The answer must consist only of the lines from the line with "Gelince Haber VerGelin" to the line with "This machine promised", both included, exactly as they stand below.

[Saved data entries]
══════

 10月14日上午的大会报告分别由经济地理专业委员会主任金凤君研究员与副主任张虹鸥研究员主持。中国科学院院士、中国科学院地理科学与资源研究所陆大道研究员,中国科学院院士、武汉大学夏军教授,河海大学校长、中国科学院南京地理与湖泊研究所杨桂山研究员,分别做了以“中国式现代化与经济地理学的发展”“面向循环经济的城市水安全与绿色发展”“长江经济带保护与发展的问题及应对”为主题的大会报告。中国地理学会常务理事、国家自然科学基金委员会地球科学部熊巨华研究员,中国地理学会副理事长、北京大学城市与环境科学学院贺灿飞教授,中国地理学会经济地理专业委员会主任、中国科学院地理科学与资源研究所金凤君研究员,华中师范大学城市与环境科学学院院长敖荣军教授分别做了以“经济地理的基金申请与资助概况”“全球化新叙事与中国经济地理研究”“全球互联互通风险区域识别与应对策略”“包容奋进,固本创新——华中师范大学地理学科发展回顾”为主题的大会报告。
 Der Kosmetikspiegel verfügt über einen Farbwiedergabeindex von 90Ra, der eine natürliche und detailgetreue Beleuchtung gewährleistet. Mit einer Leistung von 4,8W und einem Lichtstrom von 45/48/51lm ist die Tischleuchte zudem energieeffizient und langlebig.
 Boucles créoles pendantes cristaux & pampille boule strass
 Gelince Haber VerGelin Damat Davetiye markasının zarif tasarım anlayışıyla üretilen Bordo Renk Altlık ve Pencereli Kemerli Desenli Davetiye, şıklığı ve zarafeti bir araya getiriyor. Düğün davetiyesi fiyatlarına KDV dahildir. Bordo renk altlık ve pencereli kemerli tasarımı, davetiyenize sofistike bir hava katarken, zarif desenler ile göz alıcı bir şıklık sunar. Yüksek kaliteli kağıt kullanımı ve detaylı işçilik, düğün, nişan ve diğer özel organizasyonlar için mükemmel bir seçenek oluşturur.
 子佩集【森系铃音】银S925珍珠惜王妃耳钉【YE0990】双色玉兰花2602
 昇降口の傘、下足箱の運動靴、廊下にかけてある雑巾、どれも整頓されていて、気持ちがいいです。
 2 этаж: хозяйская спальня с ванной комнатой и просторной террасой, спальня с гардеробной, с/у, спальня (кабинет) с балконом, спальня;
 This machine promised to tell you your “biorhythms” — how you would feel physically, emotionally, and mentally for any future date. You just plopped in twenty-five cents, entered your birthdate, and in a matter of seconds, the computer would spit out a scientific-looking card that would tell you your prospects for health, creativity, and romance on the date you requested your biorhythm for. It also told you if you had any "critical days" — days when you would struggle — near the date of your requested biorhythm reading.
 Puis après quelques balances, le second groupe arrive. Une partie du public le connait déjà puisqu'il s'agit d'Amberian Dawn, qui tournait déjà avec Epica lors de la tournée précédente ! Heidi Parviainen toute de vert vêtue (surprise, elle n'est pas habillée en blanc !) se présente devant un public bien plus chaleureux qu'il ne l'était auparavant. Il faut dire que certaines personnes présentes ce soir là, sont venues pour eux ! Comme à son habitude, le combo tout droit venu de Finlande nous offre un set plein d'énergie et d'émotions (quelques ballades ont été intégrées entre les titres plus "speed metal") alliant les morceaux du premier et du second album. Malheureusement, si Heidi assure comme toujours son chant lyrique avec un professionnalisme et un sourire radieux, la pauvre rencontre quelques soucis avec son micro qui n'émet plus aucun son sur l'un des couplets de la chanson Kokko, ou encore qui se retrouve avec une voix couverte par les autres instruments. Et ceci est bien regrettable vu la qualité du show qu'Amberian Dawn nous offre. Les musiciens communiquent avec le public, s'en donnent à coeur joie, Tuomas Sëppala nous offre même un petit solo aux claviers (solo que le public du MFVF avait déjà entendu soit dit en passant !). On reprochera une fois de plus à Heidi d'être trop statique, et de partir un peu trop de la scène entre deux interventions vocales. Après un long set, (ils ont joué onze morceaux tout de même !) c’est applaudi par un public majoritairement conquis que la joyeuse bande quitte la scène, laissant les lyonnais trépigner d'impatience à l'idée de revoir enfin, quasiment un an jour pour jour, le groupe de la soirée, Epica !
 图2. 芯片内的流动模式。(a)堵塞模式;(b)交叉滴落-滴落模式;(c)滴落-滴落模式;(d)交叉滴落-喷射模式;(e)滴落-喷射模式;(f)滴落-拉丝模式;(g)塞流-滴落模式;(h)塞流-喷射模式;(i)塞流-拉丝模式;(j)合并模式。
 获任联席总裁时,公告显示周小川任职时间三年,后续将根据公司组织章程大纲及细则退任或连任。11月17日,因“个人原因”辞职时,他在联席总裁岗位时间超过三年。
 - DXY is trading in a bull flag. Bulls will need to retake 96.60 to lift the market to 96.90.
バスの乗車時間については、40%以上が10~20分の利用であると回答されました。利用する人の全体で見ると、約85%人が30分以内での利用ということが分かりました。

══════

## RESPONSE BELOW
 Gelince Haber VerGelin Damat Davetiye markasının zarif tasarım anlayışıyla üretilen Bordo Renk Altlık ve Pencereli Kemerli Desenli Davetiye, şıklığı ve zarafeti bir araya getiriyor. Düğün davetiyesi fiyatlarına KDV dahildir. Bordo renk altlık ve pencereli kemerli tasarımı, davetiyenize sofistike bir hava katarken, zarif desenler ile göz alıcı bir şıklık sunar. Yüksek kaliteli kağıt kullanımı ve detaylı işçilik, düğün, nişan ve diğer özel organizasyonlar için mükemmel bir seçenek oluşturur.
 子佩集【森系铃音】银S925珍珠惜王妃耳钉【YE0990】双色玉兰花2602
 昇降口の傘、下足箱の運動靴、廊下にかけてある雑巾、どれも整頓されていて、気持ちがいいです。
 2 этаж: хозяйская спальня с ванной комнатой и просторной террасой, спальня с гардеробной, с/у, спальня (кабинет) с балконом, спальня;
 This machine promised to tell you your “biorhythms” — how you would feel physically, emotionally, and mentally for any future date. You just plopped in twenty-five cents, entered your birthdate, and in a matter of seconds, the computer would spit out a scientific-looking card that would tell you your prospects for health, creativity, and romance on the date you requested your biorhythm for. It also told you if you had any "critical days" — days when you would struggle — near the date of your requested biorhythm reading.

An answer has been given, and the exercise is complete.